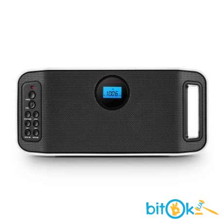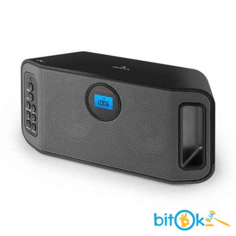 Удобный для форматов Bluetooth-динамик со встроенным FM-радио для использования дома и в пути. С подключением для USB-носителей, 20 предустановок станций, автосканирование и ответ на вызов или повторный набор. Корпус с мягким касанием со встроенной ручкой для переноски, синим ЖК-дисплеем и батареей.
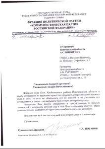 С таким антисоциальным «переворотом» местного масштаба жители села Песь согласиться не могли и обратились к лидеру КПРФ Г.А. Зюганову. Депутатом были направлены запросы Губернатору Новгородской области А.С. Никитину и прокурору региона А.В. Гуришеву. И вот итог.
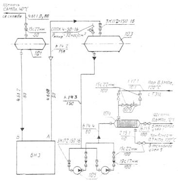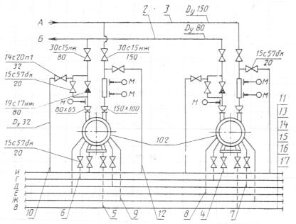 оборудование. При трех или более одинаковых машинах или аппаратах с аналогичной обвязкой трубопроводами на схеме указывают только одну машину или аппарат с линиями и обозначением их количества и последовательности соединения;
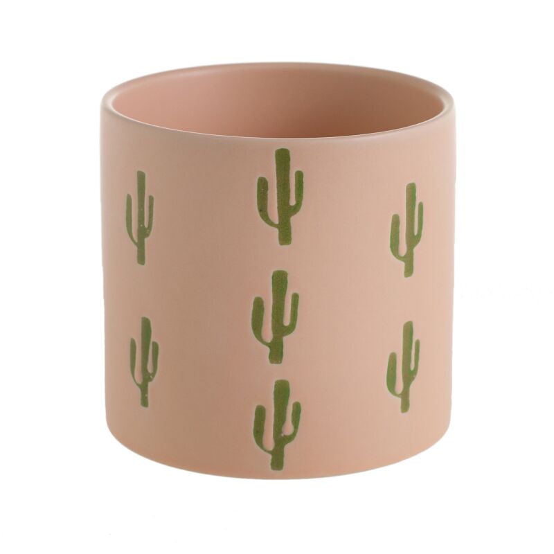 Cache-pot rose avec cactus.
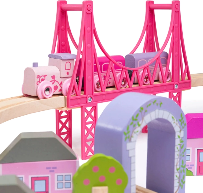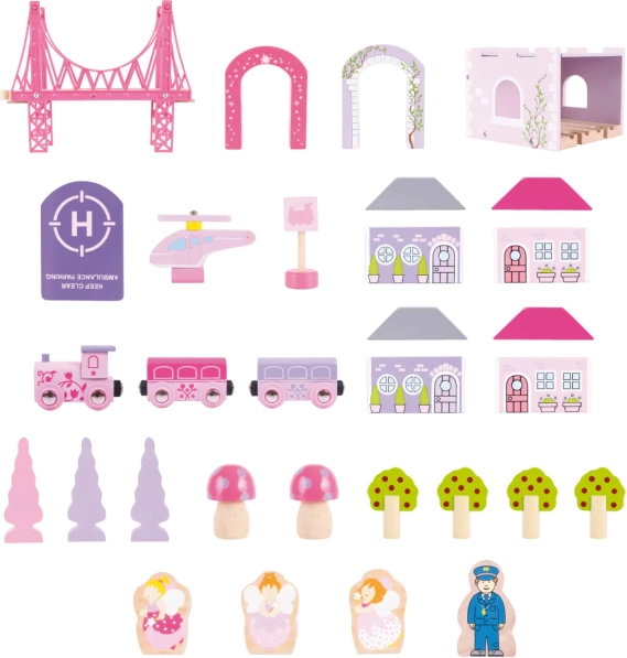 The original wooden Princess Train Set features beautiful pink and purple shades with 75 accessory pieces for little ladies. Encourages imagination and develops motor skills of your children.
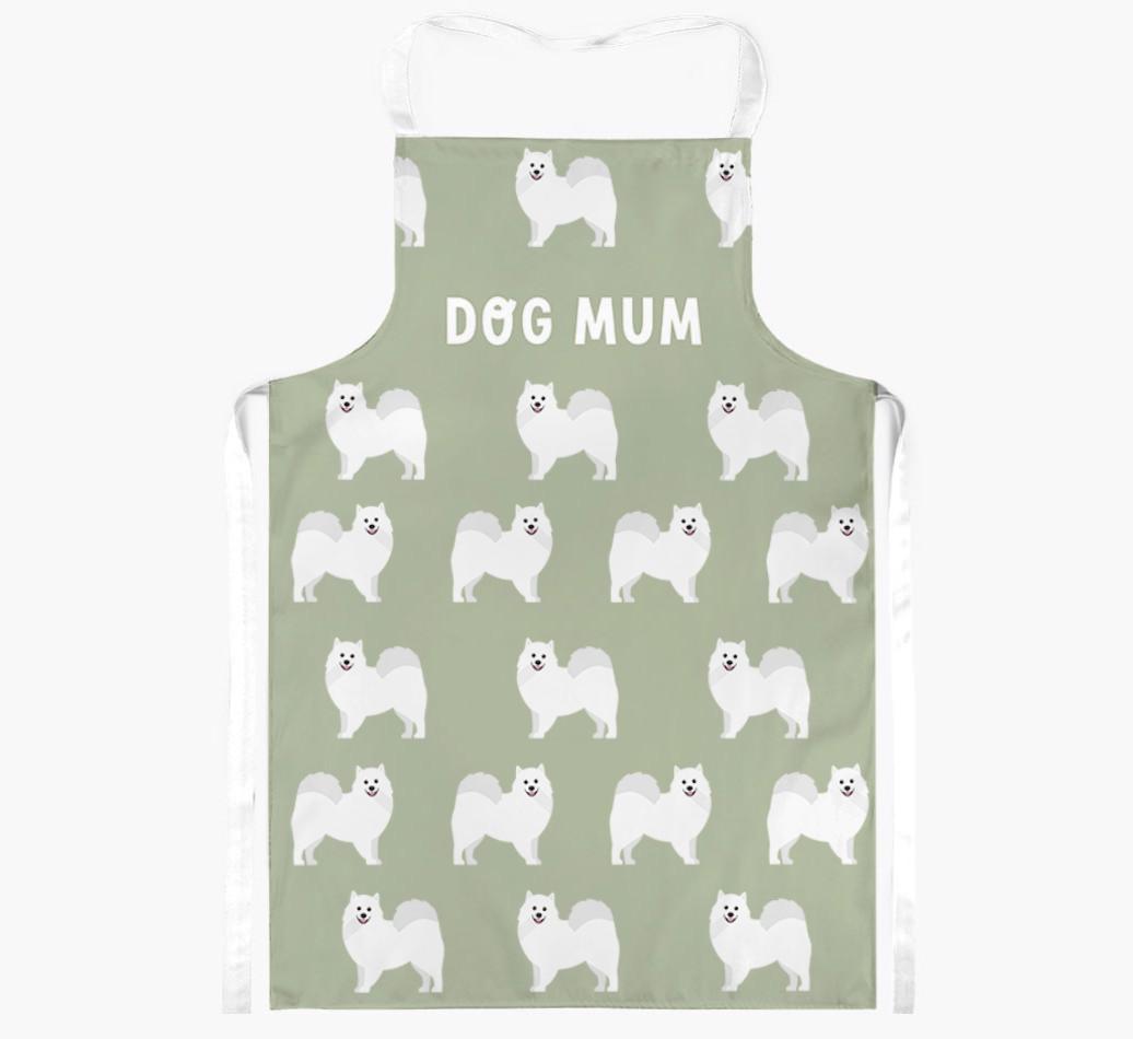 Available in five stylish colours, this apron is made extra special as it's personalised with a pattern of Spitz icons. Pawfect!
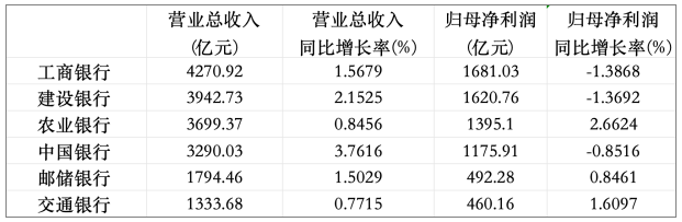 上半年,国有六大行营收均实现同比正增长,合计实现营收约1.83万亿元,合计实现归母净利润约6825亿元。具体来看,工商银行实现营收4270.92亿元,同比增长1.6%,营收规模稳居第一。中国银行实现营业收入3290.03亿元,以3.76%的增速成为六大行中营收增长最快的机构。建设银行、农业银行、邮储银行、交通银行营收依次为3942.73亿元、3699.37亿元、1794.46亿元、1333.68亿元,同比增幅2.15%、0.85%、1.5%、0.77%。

> _Goal of the exercise_
The copy should hold exactly the lines from the line containing "Cache-pot rose avec cactus." through the end of the data, both ends included, and no pictures.

> _Expected answer_
 Cache-pot rose avec cactus.
 The original wooden Princess Train Set features beautiful pink and purple shades with 75 accessory pieces for little ladies. Encourages imagination and develops motor skills of your children.
 Available in five stylish colours, this apron is made extra special as it's personalised with a pattern of Spitz icons. Pawfect!
 上半年,国有六大行营收均实现同比正增长,合计实现营收约1.83万亿元,合计实现归母净利润约6825亿元。具体来看,工商银行实现营收4270.92亿元,同比增长1.6%,营收规模稳居第一。中国银行实现营业收入3290.03亿元,以3.76%的增速成为六大行中营收增长最快的机构。建设银行、农业银行、邮储银行、交通银行营收依次为3942.73亿元、3699.37亿元、1794.46亿元、1333.68亿元,同比增幅2.15%、0.85%、1.5%、0.77%。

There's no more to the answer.